Não, o limbo não foi inventado por animadores socioculturais para entreter grupos de turistas em cruzeiros. É uma dança tradicional caribenha, com origem na ilha de Trinidad, ali ao lado da Venezuela. A Europa e os Estados Unidos é que lhe acharam muita graça. Hollywood pegou e usou, tal como já tinha feito com o samba de Carmen Miranda, enquanto a Europa abriu as portas à grande precursora do limbo, a dançarina e coreógrafa Julia Edwards. Mais do que uma simples dança, o limbo tem um bocadinho de competição à mistura. Na barra, como na vida, é ver quem é que consegue descer mais baixo.
Afinal, como é que se dança?
Antes de mais, é preciso providenciar uma banda sonora à altura. Em 1962, Chubby Checker (intérprete de “Let’s Twist Again”) gravou “Limbo Rock“. A música chegou ao número dois do Billboard Top 100 e tornou-se numa espécie de hino oficial da dança centro-americana. Como já era de esperar, o limbo foi reduzido àquele agachamento sob a barra (pelo menos, é essa a imagem que nos ocorre imediatamente), mas como dança tradicional de Trinidad e Tobago é bem mais completo do que isso. Requer jogo de anca, sincronização de movimentos e acessórios daqueles que chocalham. Sem desprimor para o êxito do senhor Checker, o limbo original é dançado ao som de tambores e até chegar à parte da barra passa por muitos outros movimentos.
Mas as leis do entretenimento também inverteram a lógica do limbo. Tradicionalmente, o movimento por baixo da barra simboliza o renascimento, a passagem da morte para a vida, daí que a dança original comece com a barra o mais perto possível do chão. A partir daí, é sempre a subir e não a descer, como nos habituámos a ver nos programas de televisão dos anos 90. Afinal, ir aumentando o nível de dificuldade tem muito mais potencial. Relembramos ainda que não vale fazer batota, ou seja, tocar com o corpo no varão (se ele estiver em chamas então não convém mesmo) e apoiar as mãos no chão. Lembre-se sempre que qualquer varão de cortinados dá um bom limbo. Boa sorte.

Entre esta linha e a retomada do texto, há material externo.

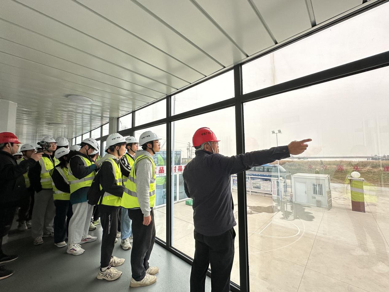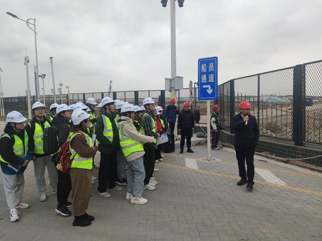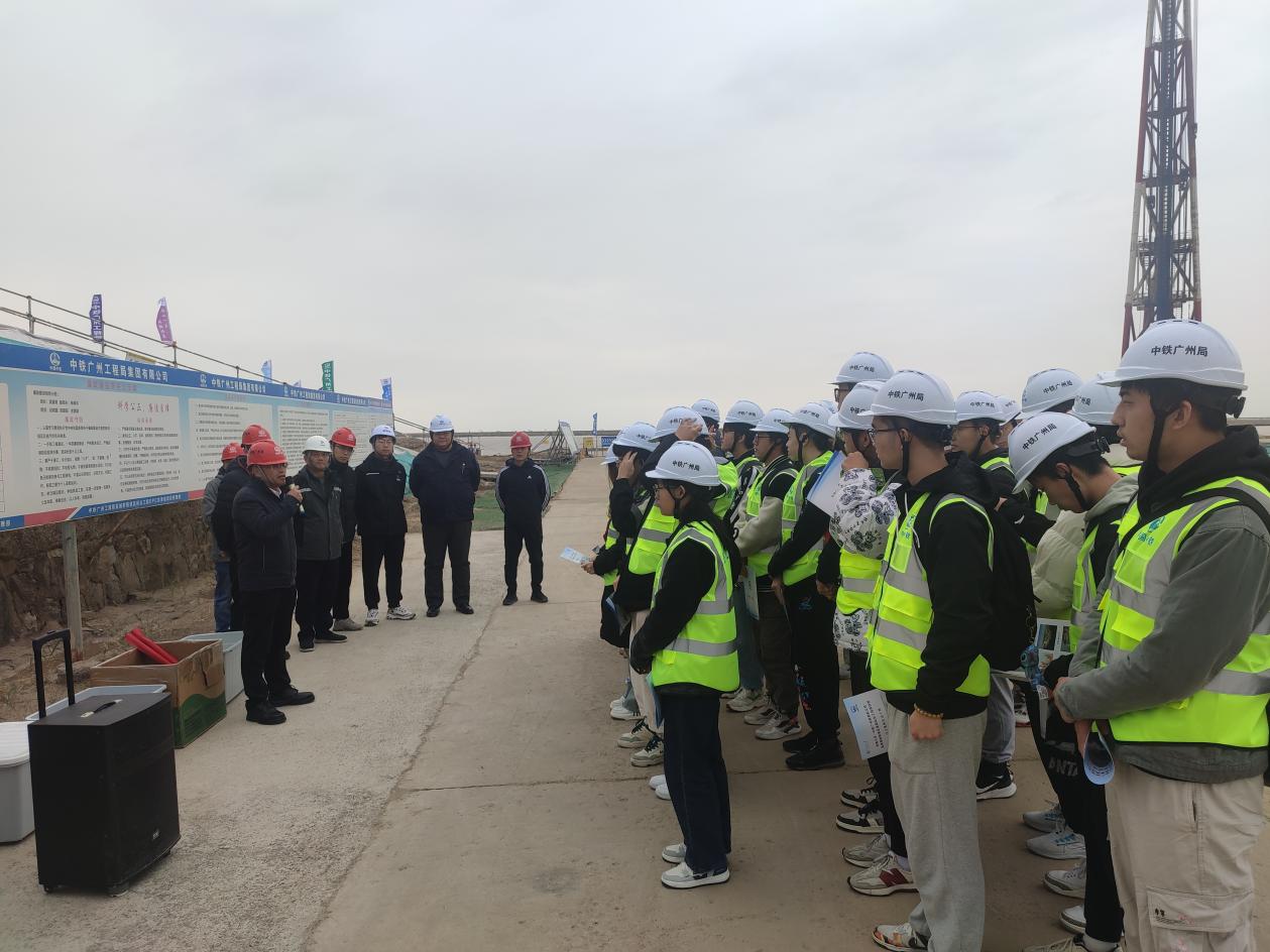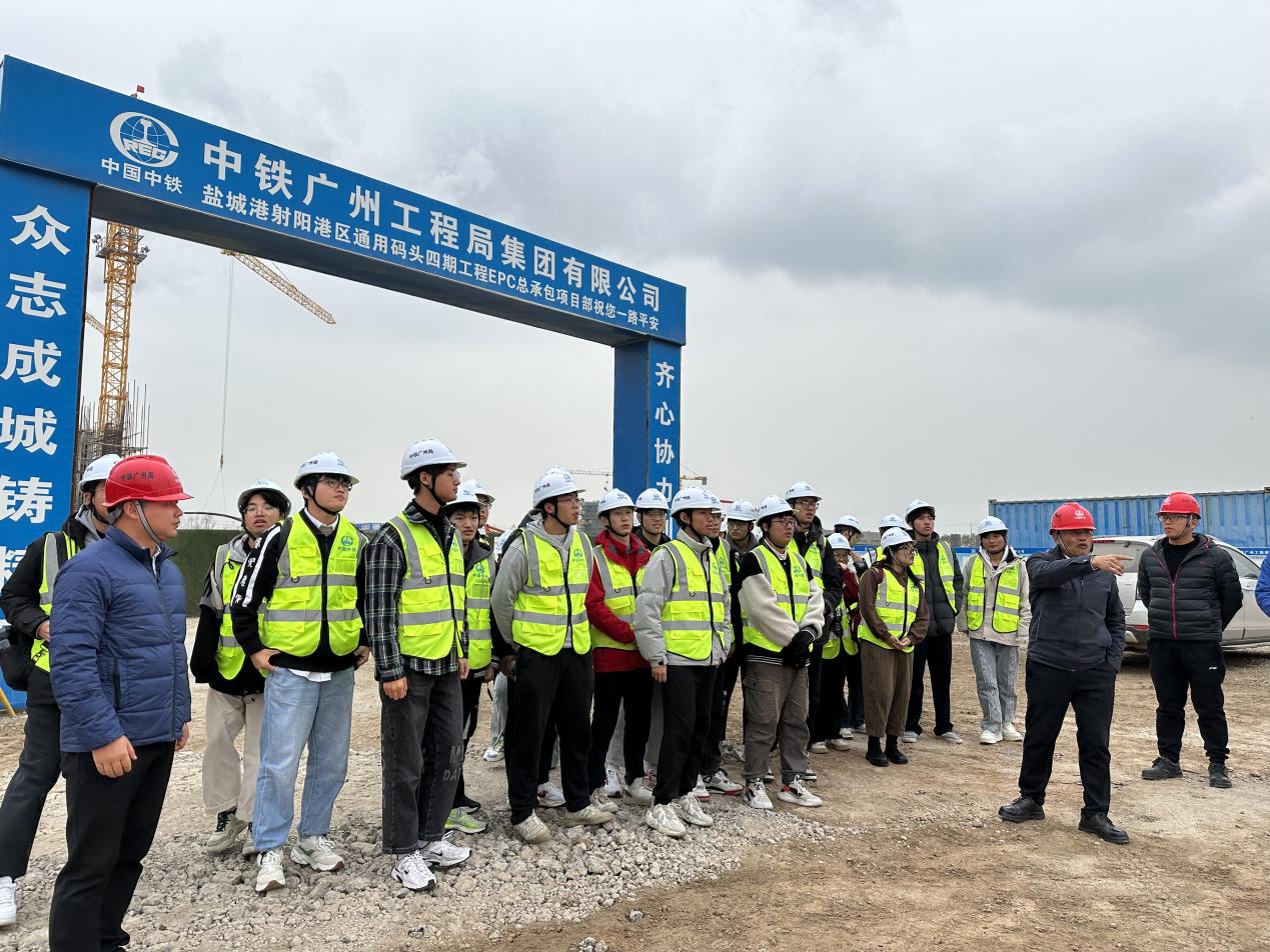 2023年11月26日,草莓视频 组织开展第3期“走访名企 接轨职场”就业实践专项活动,中铁广州局港航公司人力资源部经理任刚、项目经理杨晓平、项目书记宾建帮、项目总工程师陈建阳、项目副经理赵晓磊、盐城港项目管理公司射阳港项目负责人张宏、设计代表宋德威等带领31名2022级本科生前往盐城港射阳港区通用码头四期工程,通过探访工程现场、参观项目部、观看宣传视频、听取项目介绍、座谈互动交流等形式,帮助师生认知企业基本概况与工程建设情况。草莓视频 辅导员顾钰恒、林晨带队。

O desembarque do “caribe mix”
O limbo foi só uma de muitas importações artísticas e culturais do Reino Unido em 1948, ano de British National Act. Estima-se que cerca de 170 000 imigrantes caribenhos tenham chegado ao país, depois do governo britânico ter lançado uma campanha com vista à reconstrução do pós-guerra. Chegaram sobretudo da Jamaica e de Trinidad e Tobago em busca de melhores empregos e salários. Na mala trouxeram ska, rocksteady, reggae e entre as danças veio também o limbo, exótico o suficiente para prender a atenção dos europeus, mesmo com a vaga de descriminação racial que o país atravessou durante a década de 50. Ainda assim, os novos estilos musicais foram absorvidos pela sociedade britânica e há mesmo relatos de sessões dançantes em que mambo e foxtrot partilhavam a mesma pista.
Do lado de lá do Atlântico, o limbo rebentou na mesma década. Em 1957, o filme Fogo nos Trópicos, protagonizado por Rita Hayworth, Robert Mitchum e Jack Lemmon, levou a dança (e um triângulo amoroso nas Caraíbas) para o grande ecrã. No mesmo ano, os ritmos latino-americanos começaram a dar sinais de ter conquistado os britânicos. O tema “The Banana Boat Song” de Harry Belafonte, americano de ascendência jamaicana, chegou a número três no top do Reino Unido, depois de ter escalado as tabelas dos Estados Unidos.
Mas foi Julia Edwards, nascida e criada em Port of Spain, a grande embaixadora do limbo no mundo. Começou a dançar aos 15 anos e em 1953, com 20, já coreografava a sua própria trupe, o Julia Edwards Dance Group, e atuava em hotéis, clubes e restaurantes da capital. Num desses espetáculos, os seus bailarinos caíram nas graças de um produtor de Hollywood que os levou para o elenco de Fogo nos Trópicos. “Simplesmente, adorava dançar — sem parar. Foi tudo o que sempre quis fazer”, afirmou, citada pelo The Guardian em 1985.
Em 1959, foi a primeira a apresentar-se com uma barra em chamas. Igualmente inédita foi a inclusão da barra humana nos espetáculos. Em vez de um objeto inanimado, eram os braços e pernas dos próprios bailarinos a limitar a passagem. As digressões mundiais levaram-na aos cinco continentes e embora tenha deixado de dançar em 1972, continuou a coreografar o seu grupo até ao início dos anos 2000. Morreu em maio do ano passado, tinha 84 anos.